● Problem to solve: Return only the lines of the data below from the line with "Москва. 10 июля." up to and including the line with "This model is", exactly as written, with the pictures omitted.

● Records for the exercise:
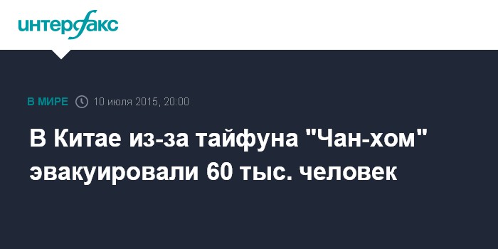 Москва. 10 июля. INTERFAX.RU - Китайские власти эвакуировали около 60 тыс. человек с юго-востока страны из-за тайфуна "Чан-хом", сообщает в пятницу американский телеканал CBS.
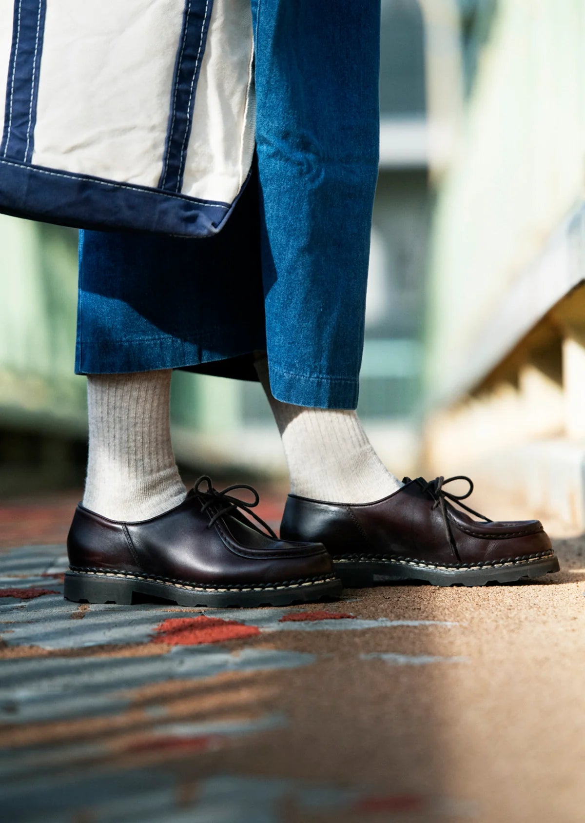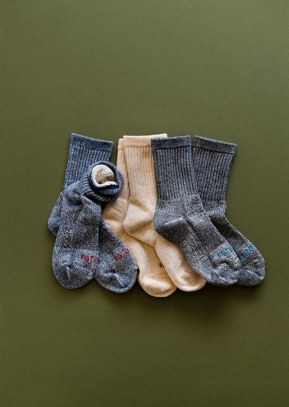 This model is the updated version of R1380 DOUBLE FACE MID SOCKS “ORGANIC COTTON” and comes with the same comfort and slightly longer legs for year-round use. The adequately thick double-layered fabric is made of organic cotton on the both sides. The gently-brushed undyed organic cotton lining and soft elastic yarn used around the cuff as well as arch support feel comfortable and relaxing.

* * *

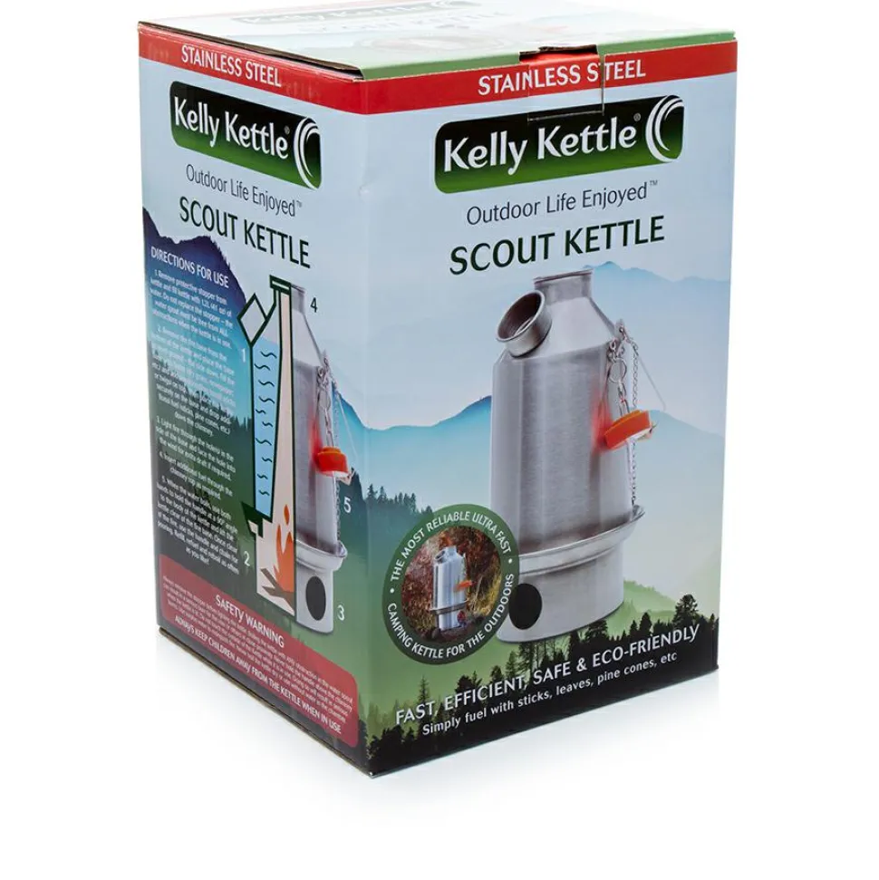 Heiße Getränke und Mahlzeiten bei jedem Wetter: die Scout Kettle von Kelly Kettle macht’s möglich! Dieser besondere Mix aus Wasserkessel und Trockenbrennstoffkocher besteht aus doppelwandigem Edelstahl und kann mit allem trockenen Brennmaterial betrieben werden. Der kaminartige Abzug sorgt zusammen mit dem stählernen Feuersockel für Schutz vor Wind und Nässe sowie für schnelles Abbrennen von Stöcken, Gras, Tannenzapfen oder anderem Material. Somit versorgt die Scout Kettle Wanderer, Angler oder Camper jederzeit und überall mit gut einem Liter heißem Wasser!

...

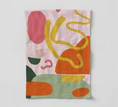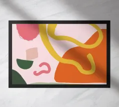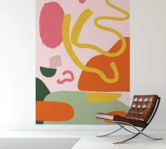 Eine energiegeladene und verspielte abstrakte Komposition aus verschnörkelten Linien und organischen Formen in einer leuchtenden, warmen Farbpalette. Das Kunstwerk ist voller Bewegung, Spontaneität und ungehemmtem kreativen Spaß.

● Exercise output:
 Москва. 10 июля. INTERFAX.RU - Китайские власти эвакуировали около 60 тыс. человек с юго-востока страны из-за тайфуна "Чан-хом", сообщает в пятницу американский телеканал CBS.
 This model is the updated version of R1380 DOUBLE FACE MID SOCKS “ORGANIC COTTON” and comes with the same comfort and slightly longer legs for year-round use. The adequately thick double-layered fabric is made of organic cotton on the both sides. The gently-brushed undyed organic cotton lining and soft elastic yarn used around the cuff as well as arch support feel comfortable and relaxing.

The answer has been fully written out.